(Beginning of Records for this exercise)

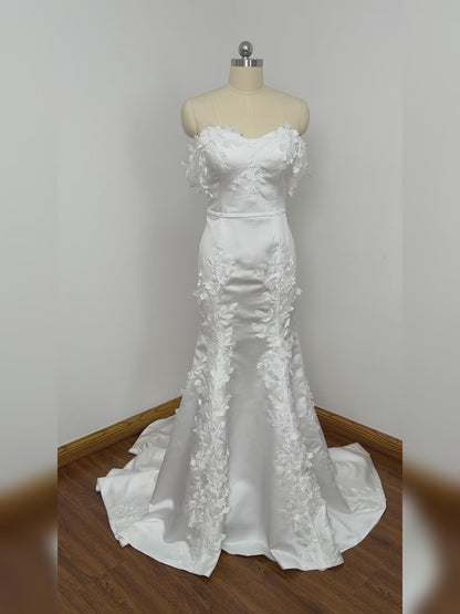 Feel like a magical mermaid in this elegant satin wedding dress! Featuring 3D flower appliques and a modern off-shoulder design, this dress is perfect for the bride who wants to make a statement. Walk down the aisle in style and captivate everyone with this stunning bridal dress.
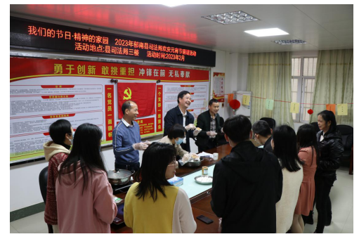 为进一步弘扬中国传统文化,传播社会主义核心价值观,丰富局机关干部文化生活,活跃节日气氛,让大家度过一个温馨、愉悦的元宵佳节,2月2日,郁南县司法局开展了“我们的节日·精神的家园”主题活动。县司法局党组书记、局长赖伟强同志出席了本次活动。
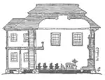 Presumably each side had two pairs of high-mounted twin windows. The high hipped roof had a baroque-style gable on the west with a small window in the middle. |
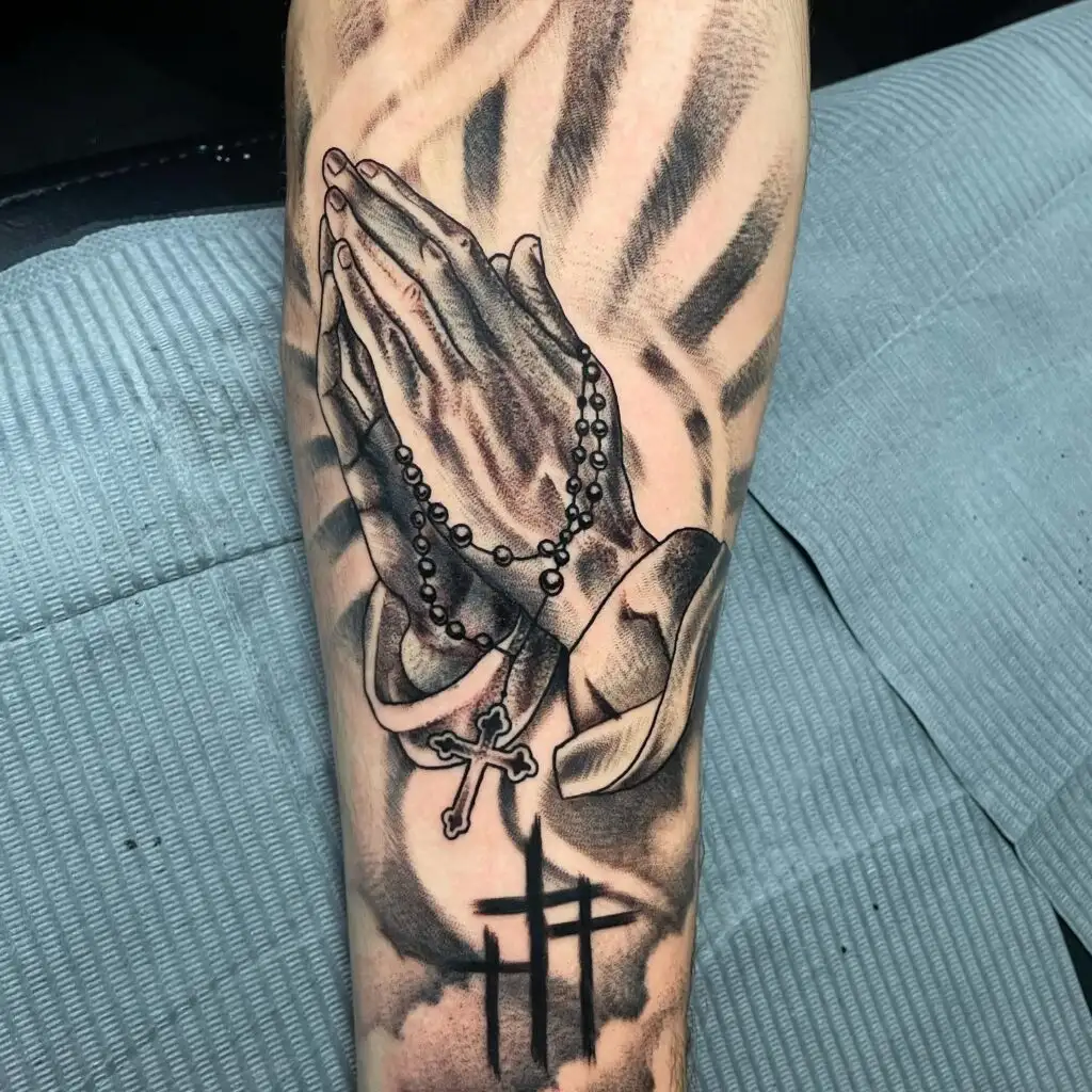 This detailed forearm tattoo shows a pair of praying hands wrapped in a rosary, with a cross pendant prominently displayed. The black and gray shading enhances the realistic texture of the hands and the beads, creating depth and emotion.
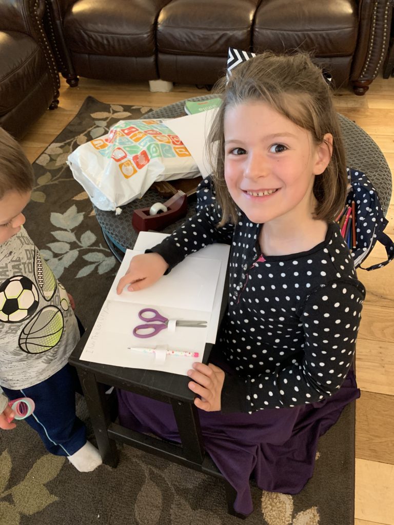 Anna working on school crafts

(End of Records for this exercise)
(Beginning of Records for this exercise)

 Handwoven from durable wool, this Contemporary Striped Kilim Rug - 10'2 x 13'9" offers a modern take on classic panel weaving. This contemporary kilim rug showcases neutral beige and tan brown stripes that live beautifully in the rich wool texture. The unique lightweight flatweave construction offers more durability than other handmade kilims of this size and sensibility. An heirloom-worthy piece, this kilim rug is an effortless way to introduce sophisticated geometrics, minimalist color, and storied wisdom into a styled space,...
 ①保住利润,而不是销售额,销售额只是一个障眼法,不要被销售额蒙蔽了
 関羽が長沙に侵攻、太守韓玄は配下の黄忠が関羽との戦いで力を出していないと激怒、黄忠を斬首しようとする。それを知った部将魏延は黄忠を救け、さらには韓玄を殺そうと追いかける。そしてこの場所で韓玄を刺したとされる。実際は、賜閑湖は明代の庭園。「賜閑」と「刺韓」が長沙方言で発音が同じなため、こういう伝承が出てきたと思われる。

(End of Records for this exercise)
(Beginning of Records for this exercise)

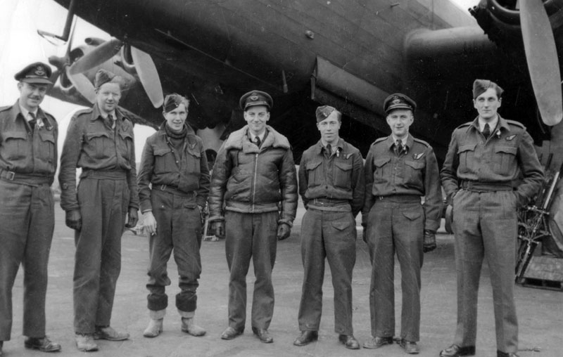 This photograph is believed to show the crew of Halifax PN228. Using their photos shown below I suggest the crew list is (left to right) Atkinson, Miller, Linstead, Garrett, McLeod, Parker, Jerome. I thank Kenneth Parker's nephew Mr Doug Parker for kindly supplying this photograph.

(End of Records for this exercise)

- _Problem details_: Working from the material above, retype exactly the lines from the one with "①保住利润,而不是销售额,销售额只是一个障眼法,不要被销售额蒙蔽了" through the one with "関羽が長沙に侵攻、太守韓玄は", both included, and only those lines.

- _Solved exercise_:
 ①保住利润,而不是销售额,销售额只是一个障眼法,不要被销售额蒙蔽了
 関羽が長沙に侵攻、太守韓玄は配下の黄忠が関羽との戦いで力を出していないと激怒、黄忠を斬首しようとする。それを知った部将魏延は黄忠を救け、さらには韓玄を殺そうと追いかける。そしてこの場所で韓玄を刺したとされる。実際は、賜閑湖は明代の庭園。「賜閑」と「刺韓」が長沙方言で発音が同じなため、こういう伝承が出てきたと思われる。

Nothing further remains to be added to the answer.